Laurence Claessen and Jacob Glen Encounter a Stalemate at Onondaga

Claessen and Glen travelled to Onondaga between January third and February second. They submitted a journal in Dutch describing their trip. The commissioners summarized it in a letter to the governor. Despite their promises the previous summer, the Onondagas were reluctant to openly oppose the “French Indians” over Oswego. The commissioners’ letter reveals that the Palatine settlers were attempting to raise food for the garrison at Oswego, but that the governor was still supplying additional provisions directly as needed. They asked him to send some pork for the garrison “by the Return of our first Sloops.” The letter also says that Captain Holland planned to write to Captain Nicolls at Oswego, telling Nicolls to order Printhop, the smith stationed at Oswego, to go to Onondaga.  The commissioners planned to send steel to the Palatine Country from whence the Indians would take it to Onondaga.

Is New England Safe for Kahnawake Hunters?

Leaders at Kahnawake sent two messengers to Albany named Catistagie and Cahowage to ask the commissioners for help.  Several months earlier four Indians were hunting near Northfield. Three of them, a man named Sanagarissa and his two sons, went to buy powder from the English and did not come back. Their companion returned to Kahnawake afraid that Sanagarissa and his sons had come to some harm.  By a string of wampum the messengers asked the commissioners to find out whathappened. Other hunters at Kahnawake were waiting for the news before going out to hunt.

The commissioners told Catistagie and Cahowage that they had heard nothing about the missing hunters. They promised to send someone to New England to look into the matter. They tried to reassure them that “our brethren in New England” would not have hurt the missing hunters. At the messengers’ request, they reimbursed the men who had brought them in a sled.

[There are no entries for January 1728.]  In Library and Archives Canada’s digital copy of the original minutes, the first entry for February starts here on p. 211.

Minute Book 3: 1727-September: The Six Nations Will Defend Oswego From Attacks by Native Nations; Problems Continue At the New Fort

The Schuyler brothers (Peter and Philip) returned from Onondaga with Laurence Claessen on September 2d and reported on the meeting there. The Commissioners of Indian Affairs enclosed the report in a letter to Governor Burnet in which they said the trip had met with success, but there is no copy of the report itself in the records.  The commissioners immediately sent Laurence back to tell the Six Nations that George II had succeeded George I as King of Great Britain.  He was also instructed to prevent the Onondagas from going to war against the Flatheads by telling them that the French were encouraging it in order to get them out of the way and then destroy them. Claessen was also told to encourage the Onondagas to defend Fort Oswego if anyone attacked it and to learn what messages the French had been sending the Six Nations.  Guysbert Van Brakel Junior went with Laurence at the commissioners’ expence.

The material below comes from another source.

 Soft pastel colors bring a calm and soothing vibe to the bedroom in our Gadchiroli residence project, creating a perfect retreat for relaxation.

On September 13th, the commissioners met with the Onondaga sachim Teganissorens (written here as D’ Kannasorie) and a Cayuga sachim named Ondariagen, who brought information backed by seven bands of wampum that “a nation Called the Jenontadies who live at le detroit,” (the Tionontaties or Petun) had concluded a peace with the “Waganhoes,” the Iroquois term for Anishinaabeg peoples. The Waganhoes promised to maintain the alliance they had made with New York and the Six Nations and turn down any requests by the Governor of Canada to take up the hatchet against them.

The record of this meeting reveals what happened when the Schuyler brothers went to Onondaga. The Six Nations agreed to send messengers to “the Indians liveing at & near Canada” to tell them that the Six Nations had decided to defend Fort Oswego if any Indian nation attacked it, but the English and the French would have to fight it out on their own if a conflict broke out between them.  Teganissorens said that the messengers were about to set out when he left home. The commissioners told them about the death of King George I and the succession of King George II, Laurence’s mission to stop the excursion against the Flatheads, and recent letters exchanged between the governors of Canada and New York.

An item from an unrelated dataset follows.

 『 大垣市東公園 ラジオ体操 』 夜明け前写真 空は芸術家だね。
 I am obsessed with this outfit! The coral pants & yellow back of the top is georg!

The commissioners posted three Indians (not named) to Lake St. Sacrement (Champlain) to find out what the news was from Canada. As they wrote to the governor, it made them uneasy that no Indians from Canada had been to Albany, suggesting that the French order not to come there was effective and the French might be planning some mischief.

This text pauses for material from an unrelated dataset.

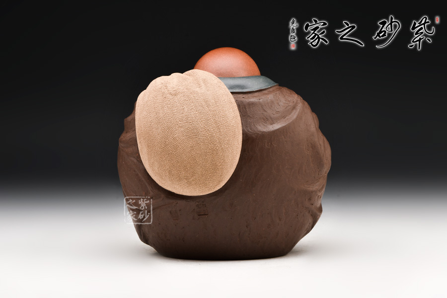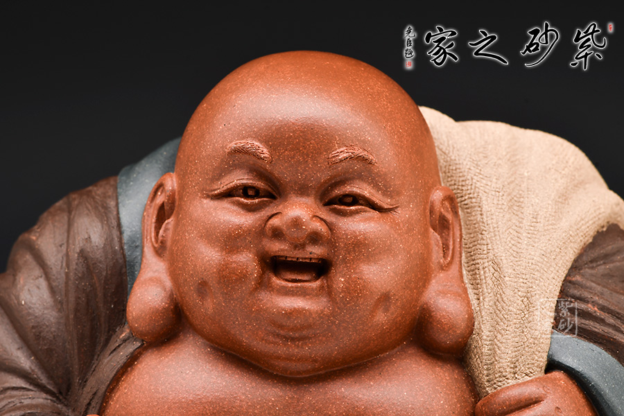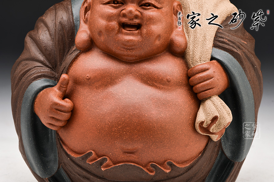 此款紫砂布袋和尚像,袒胸露懷,寬衣大肚,整體刻劃得極為生動(dòng)。史小明以非常生活化、戲劇化的眼光塑造了身著寬大僧袍、豎起拇指、肩背布袋、喜眉笑眼的彌勒佛形象。彌勒的表情形神兼?zhèn)洌录y和布袋簡(jiǎn)勁流利,用線一氣呵成,簡(jiǎn)括而不草率,將彌勒佛逍遙自在、大肚能容的形象表現(xiàn)得極為到位。史小明借助他獨(dú)特的紫砂藝術(shù)語(yǔ)言,在技藝和寫(xiě)意之間取得最佳平衡,創(chuàng)作出這樣一個(gè)逍遙放曠的布袋和尚形象,可謂獨(dú)抒性靈、不拘格套。

Fort Oswego continued to have problems. The river was still low. It was expensive to transport provisions and some soldiers had deserted and were in custody.  The commissioners thanked Governor Burnet for his support in maintaining the garrison, to which he had sent bedding and provisions. They kept him informed him about the situation and promised to send him an accounting of expenses as soon as possible.  At the request of the Palatines who had the contract for delivering provisions to Oswego, Johan Jurch Kast and Johan Joost Petri, the commissioners sent six men to repair the road at the Oneida Carrying Place.  Captain Holland went to Schenectady to see the soldiers when they finally embarked in ten batoes along with five men assigned to stay at Oswego, where they would  be employed to transport provisions.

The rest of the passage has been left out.